In Bonner v. City of Prichard, 661 F.2d 1206, 1209 (11th Cir. 1981) (en banc), the Eleventh Circuit adopted as binding precedent all decisions of the former Fifth Circuit handed down prior to the close of business on September 30, 1981.
If a plaintiff is entitled to default judgment, then the Court must consider whether plaintiff is entitled to the relief he or she requests in their motion for default judgment. With respect to a request for damages, the plaintiff bears the burden of demonstrating that they are entitled to recover the amount of damages sought in their motion for default judgment. Wallace v. The Kiwi Grp., Inc., 247 F.R.D. 679, 681 (M.D. Fla. 2008). Unlike well-pled allegations of fact, allegations relating to the amount of damages are not admitted by virtue of default. Id. Rather, the Court must determine both the amount and character of damages. Id. (citing Miller v. Paradise of Port Richey, Inc., 75 F. Supp. 2d 1342, 1346 (M.D. Fla. 1999)). Therefore, even in the default judgment context, "[a] court has an obligation to assure that there is a legitimate basis for any damage award it enters ..." Anheuser Busch, Inc. v. Philpot, 317 F.3d 1264, 1266 (11th Cir. 2003). See also Adolph Coors Co. v. Movement Against Racism and the Klan, 777 F.2d 1538, 1544 (11th Cir. 1985) (explaining that damages may be awarded on default judgment only if the record adequately reflects a basis for an award of damages). Ordinarily, unless a plaintiff's claim against a defaulting defendant is for a liquidated sum or one capable of mathematical calculation, the law requires the district court to hold an evidentiary hearing to fix the amount of damages. See S.E.C. v. Smyth, 420 F.3d 1225, 1231 (11th Cir. 2005). However, no hearing is needed "when the district court already has a wealth of evidence from the [movant], such that any additional evidence would be truly unnecessary to a fully informed determination of damages." Id. at 1232 n.13. See also Wallace, 247 F.R.D. at 681 ("a hearing is not necessary if sufficient evidence is submitted to support the request for damages").
III. ANALYSIS
A. Subject Matter Jurisdiction
Before entering default judgment, a court must ensure it has subject-matter jurisdiction over the case. See Arbaugh v. Y&H Corp., 546 U.S. 500, 514 (2006) (courts have obligation to ensure subject-matter jurisdiction). 28 U.S.C. § 1331 provides that the "district courts shall have original jurisdiction of all civil actions arising under the Constitution, laws, or treaties of the United States." 28 U.S.C. § 1331. Here, Plaintiff alleges claims of federal trademark infringement and false designation of origin / unfair competition under the Lanham Act, which is a federal statute. Doc. No. 18 at 7-9. Thus, it is recommended that the Court find that it has subject matter jurisdiction over the case.
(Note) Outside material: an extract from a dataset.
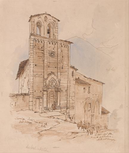 | Keywords: Edward Lear - Leonessa, 3 October 1844 - Google Art Project.jpg Inscribed in brown ink lower left Leonessa Santa Maria fuori della Porta Oct 3 1844 ; in brown ink lower right The door is stone- line of illegible inscriptions all the east Not on View Watercolor with pen in brown ink over graphite on moderately thick slightly textured beige wove paper architectural subject herd wall door windows archways figures building bell special url_id bQGoPsNKURN5fA PD-old-100-1923 1888 Watercolor paintings by Edward Lear Google Art Project works by Edward Lear |

Before the Court issues a default judgment, it must also analyze whether the defendant was properly served. See Thomas Cook UK Ltd. v. Maesbury Homes, Inc. 280 F.R.D. 649, 652 (M.D. Fla. 2012). Because Defendant made an appearance in this case, the undersigned finds no issues regarding service of process.
B. Liability
1) Federal Trademark Infringement
Count I alleges federal trademark infringement under 15 U.S.C. §1114(1)(a). Doc. No. 18 at 8. The statute prohibits the "use in commerce [of] any reproduction, counterfeit, copy, or colorable imitation of a registered mark in connection with the sale, offering for sale, distribution, or advertising of any goods or services on or in connection with which such use is likely to cause confusion, or to cause mistake, or to deceive." Optimum Techs., Inc. v. Henkel Consumer Adhesives, Inc., 496 F.3d 1231, 1241 (11th Cir. 2007) (citing 15 U.S.C. §1114(1)(a)). The Eleventh Circuit has held that in order to prevail on a federal trademark infringement claim, the plaintiff must show that: 1) its mark was used in commerce by the defendant without the plaintiff's consent; and 2) such unauthorized use was likely to cause confusion, to cause mistake, or to deceive. Id.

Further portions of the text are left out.